Rule and brief explanation
Each Formula 1 team must run a 'rookie' twice per car in an FP1 session this season. A rookie is a driver with no more than one Grand Prix start to his name. This is the hard standard that teams must follow.
Some names have already completed the requirement. Kimi Antonelli (Mercedes), Isack Hadjar (Racing Bulls) and Gabriel Bortoleto (Sauber) came to their mandatory sessions in Australia and China.
Some drivers don't count. Ollie Bearman already started three times in Grands Prix last year, so he is no longer a rookie. Jack Doohan made his debut in Abu Dhabi last year. So technically, he could have counted as a rookie in Australia. However, Alpine was already using rookies for four sessions, so that situation was not a factor.
Mexico and notable names
Several young drivers are again on the list for the Mexico weekend. Williams puts in F2 driver Luke Browning. Aston Martin has Jak Crawford driving.
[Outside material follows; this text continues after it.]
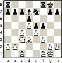 Атака против базы е4 ничего не дает: в случае f5xе4 белые могут сыграть f3хе4 (и база остается надежно защищенной), или Nс3xе4, или же Bd3xe4 с хорошей заменой пешки e4. Поэтому черные играют f5–f4, заменяя базу e4 новой – f3. Правда, и здесь белые могут успешно защищаться против подрыва g7–g5–g4xf3, но позиция белого короля все же находится под угрозой и, главное, стеснена. Таким образом, пешка f3 является более слабой, чем е4. Бывают и другие причины, в силу которых одна база является более слабой, чем другая, и поэтому перенесение атаки с одной базы на другую – не случайность, как думали Алапин и другие мастера до опубликования статьи «Соответствует ли...». Возможность такого перенесения дает еще одно оружие для борьбы против пешечной цепи. Ввиду того что эта глава грозит сделаться чрезмерно большой, мы ограничимся приведенными краткими указаниями. Перенесение атаки настолько типичный прием, что для иллюстрации его можно было бы привести бесчисленное множество партий. Мы ограничимся следующим примером:

Red Bull chooses Arvid Lindblad.
Crawford makes his first FP1 appearance in Formula 1. For Browning and Lindblad, it is their second free practice of the season.
In addition, IndyCar winner Pato O'Ward returns in a McLaren for an FP1 session.
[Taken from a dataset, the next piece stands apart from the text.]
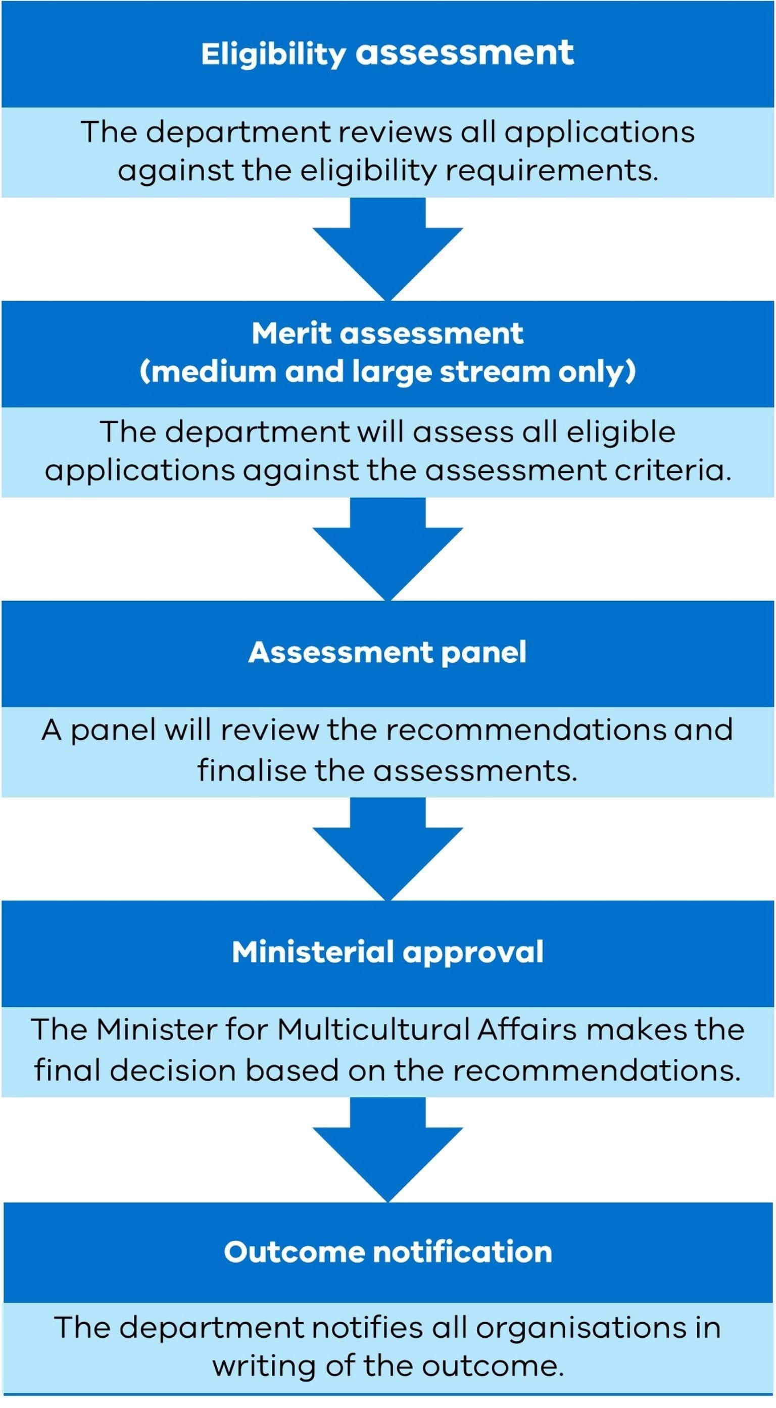 - The medium and large stream applications that are eligible, will also be assessed on merit using the criteria listed in the table below.

Confirmed FP1 smoke runs by team
The table below shows the stakes known so far per team and per race.
- McLaren (3): Alex Dunne - Austria, Italy; Pato O'Ward - Mexico.
- Ferrari (2): Dino Beganovic - Bahrain, Austria.
- Red Bull (3): Ayumu Iwasa - Bahrain; Arvid Lindblad - Great Britain, Mexico.
- Mercedes (3): Kimi Antonelli - Australia, China; Frederick Vesti - Bahrain.
- Aston Martin (3): Felipe Drugovich - Bahrain, Hungary; Jak Crawford - Mexico.
- Alpine (4): Jack Doohan - Australia (not counted as a rookie); Paul Aron - three times (Italy + 2 races to be determined); Ryo Hirakawa - Japan.
- Haas (2): Ryo Hirakawa - Bahrain, Spain.
- Racing Bulls (2): Isack Hadjar - Australia, China.
- Williams (3): Luke Browning - Bahrain, Mexico; Victor Martins - Spain.
- Sauber (4): Gabriel Bortoleto - Australia, China; Paul Aron - Great Britain, Hungary.
What stands out?
Teams actively rotate riders. Some juniors drive for several teams in separate sessions. This provides extra experience for the young drivers. For teams, it is also a way to test talent without changing racing seats.